The Place Beyond the Pines leaves you tired and worn weary by as it revels in despair with no hope at the end of the tunnel. It’s raw, real, downtrodden and forced. Is it good? It’s solid. It’s also too much of a “bad” thing.
This is a drama that weighs on you like a ton of bricks as generations are affected by those before them — the things they know; the things they don’t know and what they’ll soon learn. Blue Valentine director Derek Cianfrance exhibits his talent to tackle a sweeping narrative that runs all of two hours and 20 minutes, and the film’s length is felt as a result of the weary state it leaves you in by the end.
The story begins in the late 1990s, Luke Glanton (Ryan Gosling) is a stunt motorcyclist for a traveling carnival. During a stop in Schenectady, New York we learn of a one night encounter he had with a local waitress named Romina (Eva Mendes). Seeing her again for the first time since, they exchange words and he drives her home, but with the carnival heading out of town he can’t stay for long. He leaves.
A little over a year later, back in town, Luke learns Romina has had a child and is living with her mother and another man (Mahershala Ali). The child is Luke’s, and despite what appears to be a lack of want for his company, he quits his job and takes up a low-paying mechanic position locally in an attempt to reconnect and raise his child. Volatility ensues.

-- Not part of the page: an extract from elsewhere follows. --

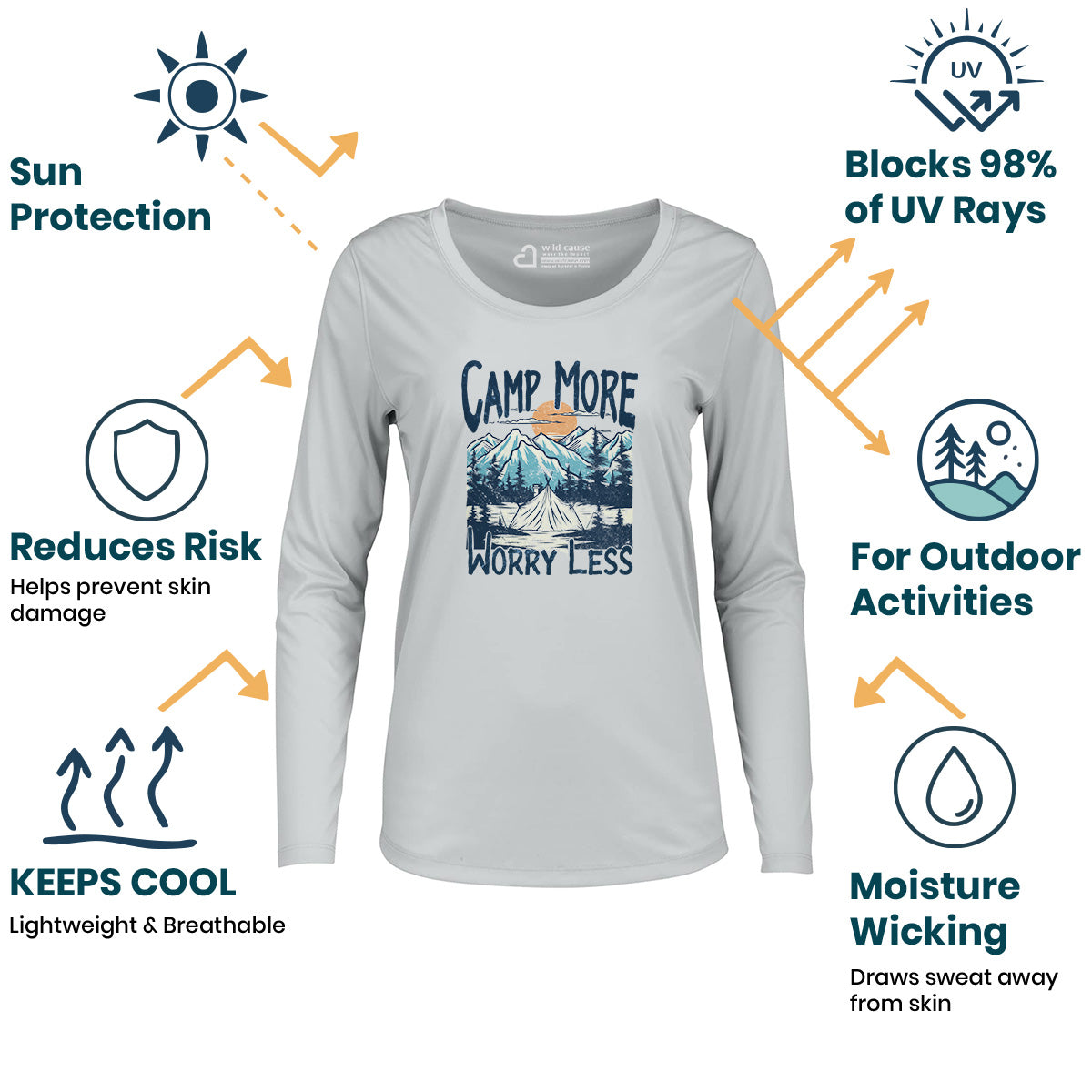 Camp More Worry Less Open-Sky Wilderness Women Sun Protection UV Performance Shirt UPF 50+

Cash-strapped, Luke turns to robbing local banks for money, but his crimes soon catch up to him as his path becomes entwined with a local cop (Bradley Cooper) and a brief moment of violence shapes the next 15 years of their lives and the lives of their loved ones.
Cianfrance, who co-wrote the screenplay with Ben Coccio and Darius Marder, examines the effects one generation can have on the other and the results of a child’s neglected upbringing with an unflinching eye. This is the film’s over-arching theme, and it’s as a result of this theme the film is so punishing, because Cianfrance doesn’t lighten the mood with glossy Hollywood techniques that would make it far more accessible, but would also diminish its dramatic impact.
It’s always tough for me to come to a definitive conclusion on how I feel about a film when it leaves me walking away feeling numb. It’s one of the reasons grading movies is so meaningless. I wouldn’t want to watch this film again. To feel how I felt watching it would be pointless to repeat. There are no happy endings in The Place Beyond the Pines. In fact, you’d be hard-pressed to find a smile, outside of a folded picture that continues to show its face throughout, constantly reminding us of the film’s singular best moment.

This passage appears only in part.